Consequently, in 2010, Gabula left the death row section to the Boma—where lifers stay. He was finally freed on October 17, 2013 after 20 years since conviction for a crime he vehemently denies.

Against the death penalty
Gabula strongly opposes the death penalty. He argues that all the executions he witnessed (1993, 1996 and 1999) claimed many innocent prisoners. Others were killed for crimes they committed when they were juveniles—which is against the law. He notes, one Musisi who was charged with murder yet he raised an alarm after knocking the dead body as he rode a bicycle at night. Even when the real murderers were arrested later and reiterated Musisi’s innocence, the poor boy was still executed.
Gabula also decries the death row syndrome which kills more condemned prisoners than executions. “Imagine waking up when two of your cellmates are dead,” Gabula says.
Of the 34 who were sentenced alongside him in 1993, only one was released; one executed in 1996 but by 2000, the rest had died. He thus insists “any sentence beyond 14 years is a virtual death sentence.”
“We must be cognizant of the formative influences of our society on offenders; most are products of broken families; others, street children who were never shown love. We should use people such as chaplains who reform prisoners via the scripture and education,” he advises.
“And imprisonment should aim at rehabilitating and reintegrating prisoners into society rather than eliminating them. Otherwise, corrective programmes are meaningless if a prisoner is going to be killed, after all.”
Gabula also suggests the need for a parole board comprising a doctor, cleric, psychologist, and a prison officer to certify a reformed prisoner before release.

Picking up the pieces
His father died when Gabula was just two months old but he had bequeathed to them enough property to cater for them. However, his mother Naome Nabirye lost all the property in the desperate pursuit of her only child’s freedom.
Lawyers, who had represented Gabula only once, took advantage of Nabirye’s illiteracy and colluded with the area chairman to sell off her land without her consent. She ended up on the streets, until Pr Joseph Siira of the Born Again Pentecostal Chaplaincy Mission (BAPCM) rescued her.

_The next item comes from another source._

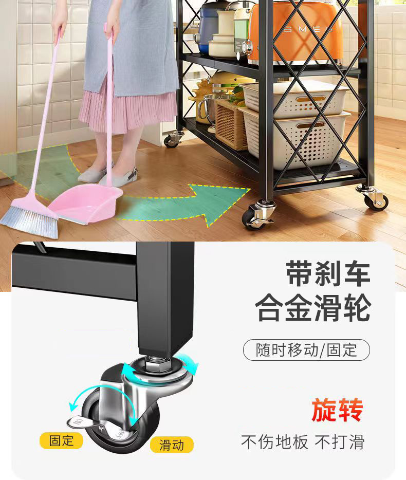 설치 무료 접이식 모바일 멀티 레이어 선반 회전 스토리지 랙 주방 스토리지 랙 침실 및 거실을위한 바닥 스토리지 랙

While Gabula was earning a decent pay as headmaster of Musanya Secondary School, in Kamuli, he was arrested again on December 26, 2014. His tormentor Lt Kamukama died but his brother arrested Gabula for “defaming” his brother. He was detained in a safe house until February 15, 2015.
“Now nobody wants to employ me,” Gabula says.
“They fear I could be arrested again.”
To avoid more such arrests, he sued Kamukama’s brother for wrongful detention and torture. Gabula and his mother survive on handouts from BAPCM, where he volunteers.
As Gabula tries to make up for the lost time, he counts on hope: hope to earn a better living; to reconstruct his mother’s life and to revive the States Union—the organisation which overturned his life.